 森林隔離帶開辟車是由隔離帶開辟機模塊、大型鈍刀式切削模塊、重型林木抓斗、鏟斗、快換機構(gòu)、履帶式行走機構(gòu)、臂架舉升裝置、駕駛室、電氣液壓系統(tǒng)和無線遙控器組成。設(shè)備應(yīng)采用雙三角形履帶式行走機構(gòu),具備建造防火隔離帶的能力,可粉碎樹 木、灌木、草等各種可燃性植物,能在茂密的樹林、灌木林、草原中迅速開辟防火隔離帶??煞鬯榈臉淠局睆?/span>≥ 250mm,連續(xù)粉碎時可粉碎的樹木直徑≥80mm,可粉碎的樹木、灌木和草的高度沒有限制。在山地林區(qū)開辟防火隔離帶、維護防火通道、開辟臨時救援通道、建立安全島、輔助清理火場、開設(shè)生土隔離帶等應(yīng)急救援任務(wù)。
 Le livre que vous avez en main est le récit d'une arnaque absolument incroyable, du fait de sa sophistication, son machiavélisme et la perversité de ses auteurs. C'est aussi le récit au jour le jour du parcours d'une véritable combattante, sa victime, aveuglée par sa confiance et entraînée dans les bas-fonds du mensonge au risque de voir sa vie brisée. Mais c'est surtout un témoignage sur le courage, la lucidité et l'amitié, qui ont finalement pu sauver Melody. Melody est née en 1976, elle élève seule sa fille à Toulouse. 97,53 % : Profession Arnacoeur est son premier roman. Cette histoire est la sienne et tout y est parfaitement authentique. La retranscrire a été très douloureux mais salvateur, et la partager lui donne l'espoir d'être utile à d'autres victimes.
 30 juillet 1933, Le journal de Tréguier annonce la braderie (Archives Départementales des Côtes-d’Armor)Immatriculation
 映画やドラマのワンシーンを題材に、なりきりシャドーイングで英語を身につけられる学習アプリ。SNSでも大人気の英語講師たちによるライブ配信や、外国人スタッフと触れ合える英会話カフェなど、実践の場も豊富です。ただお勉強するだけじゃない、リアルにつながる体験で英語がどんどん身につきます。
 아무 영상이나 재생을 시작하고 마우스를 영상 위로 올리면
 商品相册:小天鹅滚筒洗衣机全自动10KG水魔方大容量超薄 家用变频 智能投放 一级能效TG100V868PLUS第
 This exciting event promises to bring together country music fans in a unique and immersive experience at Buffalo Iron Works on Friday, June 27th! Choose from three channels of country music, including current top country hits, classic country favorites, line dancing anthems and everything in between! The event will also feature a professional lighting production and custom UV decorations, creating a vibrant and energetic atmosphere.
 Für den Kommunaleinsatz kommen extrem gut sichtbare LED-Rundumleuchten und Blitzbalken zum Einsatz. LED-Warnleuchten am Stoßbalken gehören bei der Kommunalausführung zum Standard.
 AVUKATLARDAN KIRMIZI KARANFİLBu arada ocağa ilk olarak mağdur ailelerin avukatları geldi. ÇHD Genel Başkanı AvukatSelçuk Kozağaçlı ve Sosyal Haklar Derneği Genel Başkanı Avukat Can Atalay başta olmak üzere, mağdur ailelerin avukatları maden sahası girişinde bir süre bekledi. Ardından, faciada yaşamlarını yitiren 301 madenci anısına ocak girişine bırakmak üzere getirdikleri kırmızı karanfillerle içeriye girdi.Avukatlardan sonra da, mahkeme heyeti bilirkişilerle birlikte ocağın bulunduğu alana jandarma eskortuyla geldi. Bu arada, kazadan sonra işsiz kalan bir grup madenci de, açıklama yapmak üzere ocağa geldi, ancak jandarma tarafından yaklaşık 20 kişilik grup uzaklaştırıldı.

# # #

__Activity__
The material above needs to be copied out in full, exactly as given.

__Completed task__
 森林隔離帶開辟車是由隔離帶開辟機模塊、大型鈍刀式切削模塊、重型林木抓斗、鏟斗、快換機構(gòu)、履帶式行走機構(gòu)、臂架舉升裝置、駕駛室、電氣液壓系統(tǒng)和無線遙控器組成。設(shè)備應(yīng)采用雙三角形履帶式行走機構(gòu),具備建造防火隔離帶的能力,可粉碎樹 木、灌木、草等各種可燃性植物,能在茂密的樹林、灌木林、草原中迅速開辟防火隔離帶??煞鬯榈臉淠局睆?/span>≥ 250mm,連續(xù)粉碎時可粉碎的樹木直徑≥80mm,可粉碎的樹木、灌木和草的高度沒有限制。在山地林區(qū)開辟防火隔離帶、維護防火通道、開辟臨時救援通道、建立安全島、輔助清理火場、開設(shè)生土隔離帶等應(yīng)急救援任務(wù)。
 Le livre que vous avez en main est le récit d'une arnaque absolument incroyable, du fait de sa sophistication, son machiavélisme et la perversité de ses auteurs. C'est aussi le récit au jour le jour du parcours d'une véritable combattante, sa victime, aveuglée par sa confiance et entraînée dans les bas-fonds du mensonge au risque de voir sa vie brisée. Mais c'est surtout un témoignage sur le courage, la lucidité et l'amitié, qui ont finalement pu sauver Melody. Melody est née en 1976, elle élève seule sa fille à Toulouse. 97,53 % : Profession Arnacoeur est son premier roman. Cette histoire est la sienne et tout y est parfaitement authentique. La retranscrire a été très douloureux mais salvateur, et la partager lui donne l'espoir d'être utile à d'autres victimes.
 30 juillet 1933, Le journal de Tréguier annonce la braderie (Archives Départementales des Côtes-d’Armor)Immatriculation
 映画やドラマのワンシーンを題材に、なりきりシャドーイングで英語を身につけられる学習アプリ。SNSでも大人気の英語講師たちによるライブ配信や、外国人スタッフと触れ合える英会話カフェなど、実践の場も豊富です。ただお勉強するだけじゃない、リアルにつながる体験で英語がどんどん身につきます。
 아무 영상이나 재생을 시작하고 마우스를 영상 위로 올리면
 商品相册:小天鹅滚筒洗衣机全自动10KG水魔方大容量超薄 家用变频 智能投放 一级能效TG100V868PLUS第
 This exciting event promises to bring together country music fans in a unique and immersive experience at Buffalo Iron Works on Friday, June 27th! Choose from three channels of country music, including current top country hits, classic country favorites, line dancing anthems and everything in between! The event will also feature a professional lighting production and custom UV decorations, creating a vibrant and energetic atmosphere.
 Für den Kommunaleinsatz kommen extrem gut sichtbare LED-Rundumleuchten und Blitzbalken zum Einsatz. LED-Warnleuchten am Stoßbalken gehören bei der Kommunalausführung zum Standard.
 AVUKATLARDAN KIRMIZI KARANFİLBu arada ocağa ilk olarak mağdur ailelerin avukatları geldi. ÇHD Genel Başkanı AvukatSelçuk Kozağaçlı ve Sosyal Haklar Derneği Genel Başkanı Avukat Can Atalay başta olmak üzere, mağdur ailelerin avukatları maden sahası girişinde bir süre bekledi. Ardından, faciada yaşamlarını yitiren 301 madenci anısına ocak girişine bırakmak üzere getirdikleri kırmızı karanfillerle içeriye girdi.Avukatlardan sonra da, mahkeme heyeti bilirkişilerle birlikte ocağın bulunduğu alana jandarma eskortuyla geldi. Bu arada, kazadan sonra işsiz kalan bir grup madenci de, açıklama yapmak üzere ocağa geldi, ancak jandarma tarafından yaklaşık 20 kişilik grup uzaklaştırıldı.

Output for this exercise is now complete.